In addition to supermarkets or in festival mixtures, millions have now scanned their functions through real-time face registration systems in the UK only European country that uses technology on a large scale.
In Notting Notting Hill Carnival, where two million people are expected to celebrate Afro-Caribbean culture on Sunday and Monday, cameras for face recognition are used near inputs and outputs.
The police said their goal was to identify and intercept desired individuals by scanning faces in large crowds and comparing them with thousands of suspects who are already in the police database.
The technology is “an effective tool for the police that has already been successfully used to find perpetrators in crime shot spots, resulting in more than 1,000 arrests since the beginning of 2024,” said Metropolitan Police Chief Mark Rowley.
The technology was first tested in 2016 and its use has increased considerably in the United Kingdom in the last three years.
In 2024 alone, around 4.7 million faces were scanned, according to the NGO Liberty.
The British police have used the live face registration system about 100 times since the end of January, compared to only 10 between 2016 and 2019.
‘Nation of suspects’
Examples are before two Six Nations Rugby matches and outside two Oasis concerts in Cardiff in July.

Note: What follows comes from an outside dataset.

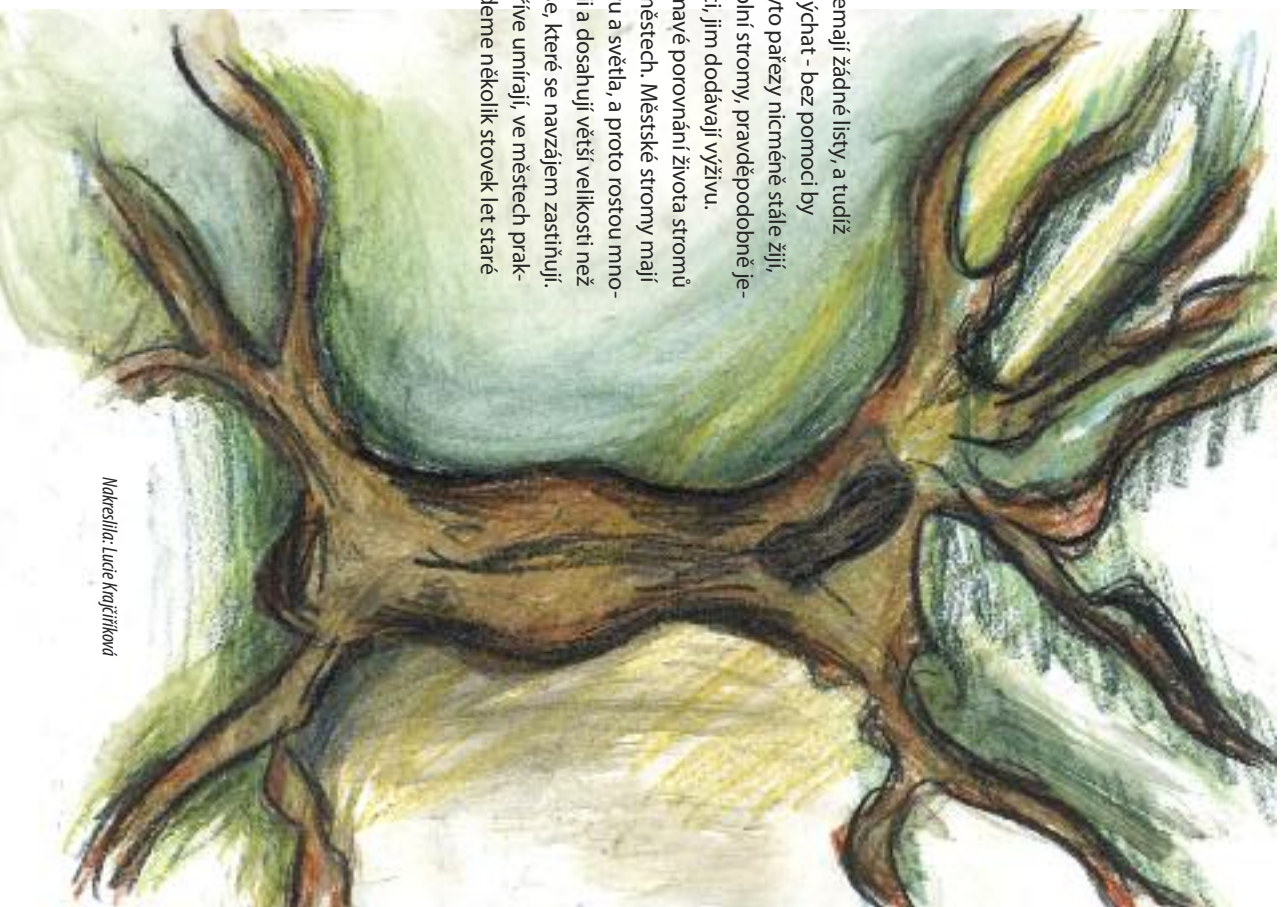
Nakreslila: Lucie Krajčirková

Je také zajímavé porovnání života stromů v lese a ve městech. Městské stromy mají více prostoru a světla, a proto rostou mnohem rychleji a dosahují větší velikosti než stromy v lese, které se navzájem zastíní. Také však dříve umírají, ve městech prakticky nenajdeme několik stovek let staré

When a person goes on a police “Watchlist” near the cameras, the AI-driven system, often set up in a police bus, activates a warning.
The suspect can then be held immediately as soon as police controls confirm their identity.

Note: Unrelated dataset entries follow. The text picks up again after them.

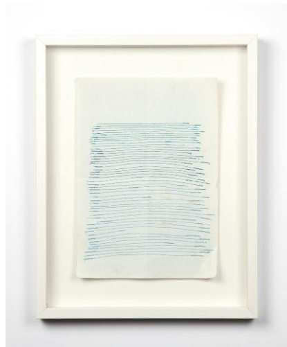
aus der Serie A Seamstress's Notes
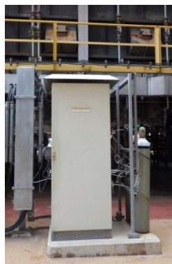
รูปที่ 3-15 CEMS ของปล่อง VDU
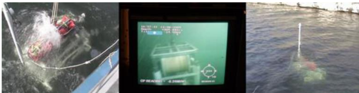
Рис.1. Исследовательский робот подводного базирования Консорциума BALTROBOTICS

таких вулканов на этом континенте, из которых один вулкан извергался в XIX столетии, два извергались в XX столетии и два – в XXI столетии [1].
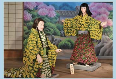
菊人形展「西郷どん」(予定) (写真は平成29年「おんな城主 直虎」より)

This year is the 111 th Kasama Chrysanthemum Festival. Approximately 10,000 pots of chrysanthemums fill the entire city having Inari Jinja Shrine at the top of the venues.

But such mass -data collection on the streets of London, also seen during the coronation of King Charles III in 2023, “treats us as a nation of suspects,” said the Big Brother Watch organization.
“There is no legislative basis, so we have no guarantees to protect our rights, and the police are left to write his own rules,” Rebecca Vincent, his interim director, said, said AFP.
The private use by supermarkets and clothing stores to combat the sharp rise in shoplifting has also expressed concern, with “very little information” that is available about how the data is used, she added.
Most use FaceWatch, a service provider that compiles a list of suspected perpetrators in the stores that monitors it and raises a warning when one of them enters the building.
“It transforms what it is like to live in a city because it takes the opportunity to live anonymously,” said Daragh Murray, teacher in human rights legislation at Queen Mary University of London.
“That can really have major implications for protests, but also participation in political and cultural life,” he added.
Often those who use such stores do not know that they are profiled.
“They have to make people aware of it,” said Abigail, a 26-year-old forensic scientist, said AFP At the entrance of a London store with FaceWatch.
She said she was “very surprised” to find out how the technology was used.
Although she acknowledges that it could be useful for the police, she complained that the bet by retailers was “invasive”.
Forbidden in the EU
Since February, EU legislation for artificial intelligence has prohibited the use of real-time face recognition technologies, with exceptions such as the fight against terrorism.
Apart from a few cases in the United States, “we see nothing in the European countries or other democracies,” Vincent emphasized.
Interior Minister Yvette Cooper recently promised that a “legal framework” would be drawn up for its use, aimed at “the most serious crimes”.
But her ministry authorized the police this month to use the technology in seven new regions.
Usually placed in vans, permanent cameras are also planned for the first time in Croydon, South Londs, next month.
The police ensure that they have “robust guarantees”, such as eliminating the cameras when officers are not present and remove the biometric data from those who are not suspects.
However, the human rights ruler of the VK said on Wednesday that the policy of the metropolitan police was “illegal” for the use of the technology because it was “incompatible” with law instructions.
Eleven organizations, including Human Rights Watch, wrote a letter to the Metropolitan Police Chief, in which he encouraged him not to use it during Notting Hill Carnival and accused him of “focusing unfairly on” of the Afro-Caribbean community as he emphasized the racial prejudices of AI.
Shaun Thompson, a 39-year-old black man who lives in London, said he was arrested after he was wrongly identified by one of these cameras as a criminal and submitted an appeal to the police.